A new study into the diagnosis and management of sepsis highlights that much needs to be done to improve patient care. The report from the National Confidential Enquiry into Patient Outcome and Death (NCEPOD) confirms wide variability in the clinical presentation of sepsis and in its management in different healthcare settings.
The report estimates that 37,000 patients die with sepsis in the UK each year. Another 65,000 people survive episodes of severe sepsis, often with profound long-term complications that can include amputation and irreversible organ damage or neurological insult. It is a major cause of avoidable deaths and injuries. It is notable that the difficulty in defining sepsis may well mean that cases are under-recorded.
Sepsis develops when the body's response to an infection overwhelms the immune system. This leads to physiological changes such as raised temperature, respiratory rate and pulse. If left untreated, deterioration affects organ function and can be fatal. It is therefore vital to detect sepsis and begin treatment as soon as possible.
Given sepsis occurs as a response to infection, most cases are believed to develop in the community, with around a quarter occurring in patients who are already in hospital. The role of primary care is therefore key but the study also concludes that there must be more prompt recognition of the signs of sepsis in hospital care. Of the cases reviewed, only 36.5% of patients received good clinical practice.
The report's authors recommend that all hospitals need a formal protocol to identify and treat patients with sepsis at an early stage. They highlight that better awareness among clinicians is imperative. GPs and hospitals should adopt an early warning system for reviewing acutely ill patients against relevant factors wherever sepsis is suspected.
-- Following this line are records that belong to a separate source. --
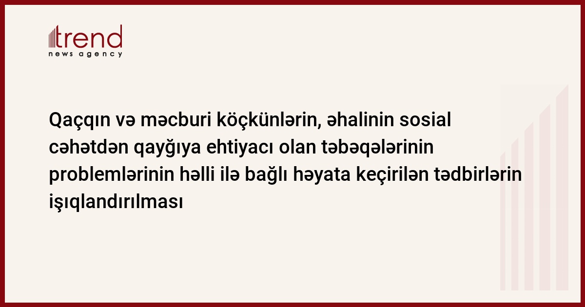 Onun sözlərinə görə, Dağlıq Qarabağ bölgəsinin və 7 ətraf rayonunun Ermənistan tərəfindən işğal edilməsi nəticəsində öz yurd-yuvalarından didərgin düşmüş məcburi köçkünlərin problemlərinin həlli bu gün dövlət siyasətinin prioritetlərindən biridir, onların sosial-iqtisadi vəziyyətinin yaxşılaşdırılması sahəsində davamlı tədbirlər aparılır.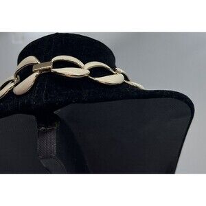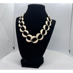 Vintage Napier Enamel White Links Flat Gold Chain Necklace.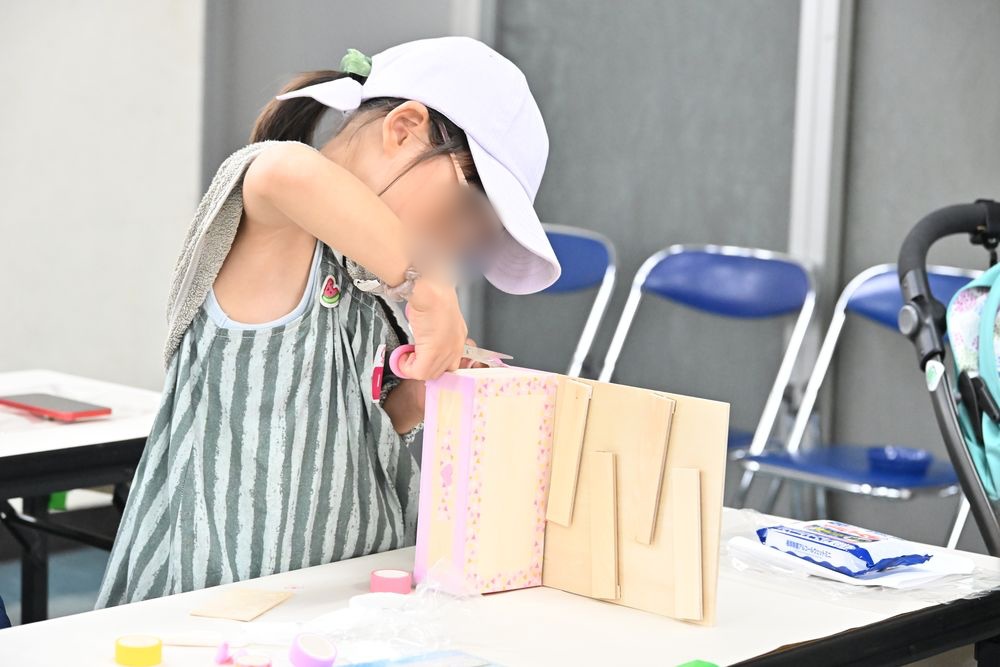 子どもたちに挑戦してもらったプログラムは、貯金箱と募金箱を組み合わせて名付けた「ちょぼきんばこ」の工作。コインを入れると、レールに沿ってコロコロと転がりながら箱の中に落ちる仕組みで見ていて楽しい。子どもたちは家族に見守られる中、思い思いにペンやテープで飾り付けしつつ、楽しそうに組み立てた。川上博史会長から「工作の達人認定証」を手渡されると、うれしそうにはにかむ姿も見られた。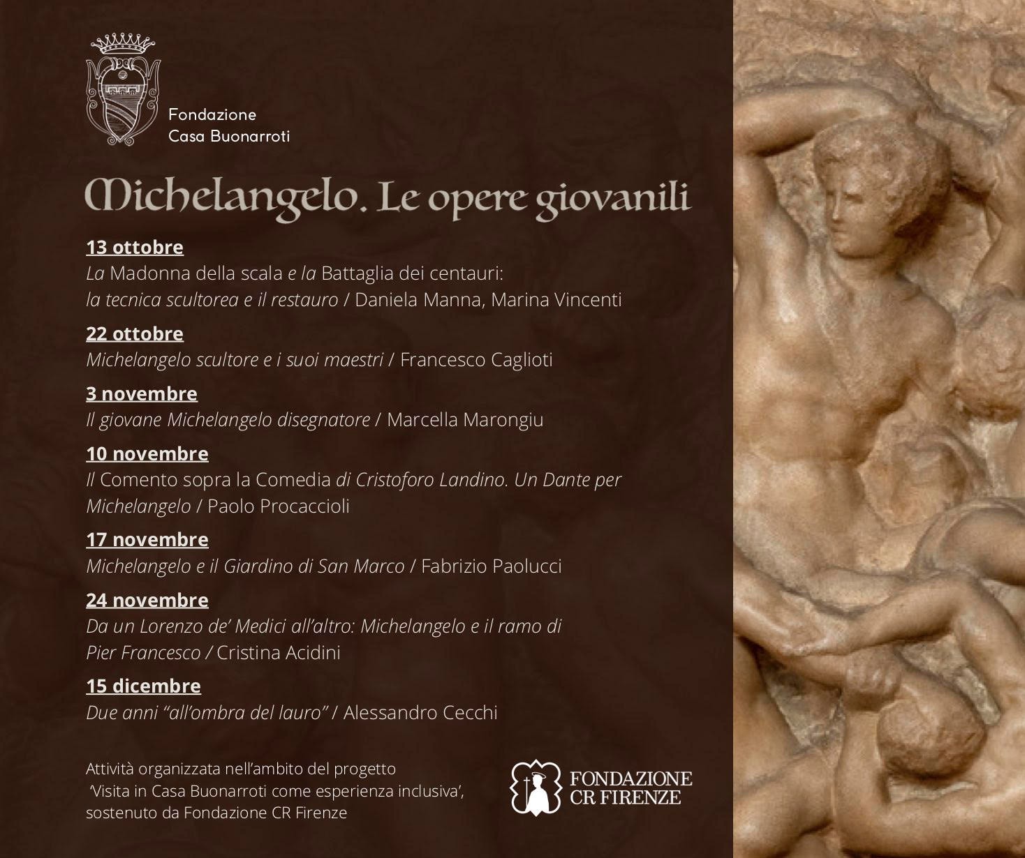 Soon a new and interesting series of conferences will begin at Casa Buonarroti dedicated to my early masterpieces.

There should be proper safeguards to move these patients from primary to secondary care. In hospitals, a full set of vital sign observations should be taken and recorded.
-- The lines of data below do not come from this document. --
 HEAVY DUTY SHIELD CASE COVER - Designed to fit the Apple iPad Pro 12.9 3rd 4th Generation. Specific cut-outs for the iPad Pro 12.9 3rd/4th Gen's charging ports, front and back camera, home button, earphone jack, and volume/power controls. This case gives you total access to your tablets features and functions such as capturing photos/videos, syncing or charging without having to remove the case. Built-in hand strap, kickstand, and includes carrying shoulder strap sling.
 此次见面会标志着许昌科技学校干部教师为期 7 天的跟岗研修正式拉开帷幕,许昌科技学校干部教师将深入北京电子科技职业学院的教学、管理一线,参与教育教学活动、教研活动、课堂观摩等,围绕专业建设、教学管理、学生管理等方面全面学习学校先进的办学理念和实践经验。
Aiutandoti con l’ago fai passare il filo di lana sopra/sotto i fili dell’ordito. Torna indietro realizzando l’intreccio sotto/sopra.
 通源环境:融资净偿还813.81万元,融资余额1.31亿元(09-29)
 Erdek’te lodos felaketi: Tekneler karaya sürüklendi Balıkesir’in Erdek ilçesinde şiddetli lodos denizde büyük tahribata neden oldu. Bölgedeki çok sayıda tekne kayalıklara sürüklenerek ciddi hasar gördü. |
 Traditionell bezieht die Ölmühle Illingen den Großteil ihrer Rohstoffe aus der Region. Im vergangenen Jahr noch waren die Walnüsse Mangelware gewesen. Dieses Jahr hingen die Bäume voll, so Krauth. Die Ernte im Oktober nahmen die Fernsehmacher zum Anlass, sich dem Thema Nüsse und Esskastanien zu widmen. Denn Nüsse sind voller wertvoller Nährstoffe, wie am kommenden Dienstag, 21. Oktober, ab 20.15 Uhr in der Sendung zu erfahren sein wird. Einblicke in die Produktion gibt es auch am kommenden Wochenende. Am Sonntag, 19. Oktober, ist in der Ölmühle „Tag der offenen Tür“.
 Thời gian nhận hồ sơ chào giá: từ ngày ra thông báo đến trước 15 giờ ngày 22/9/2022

Proper and timely use of antibiotics is essential and senior microbiology input should be available 24/7. Acutely ill patients should be seen by a consultant within a maximum of 14 hours after admission and there should be formal arrangements for the handover of patients from A&E to receiving teams.
Many of the recommendations seem to be common sense but the underlying statistics indicate that there is a lack of adequate awareness among clinicians to be alert to sepsis and its early treatment in many trusts. Raising awareness and standardisation of management of sepsis are vital if patient outcomes are to improve.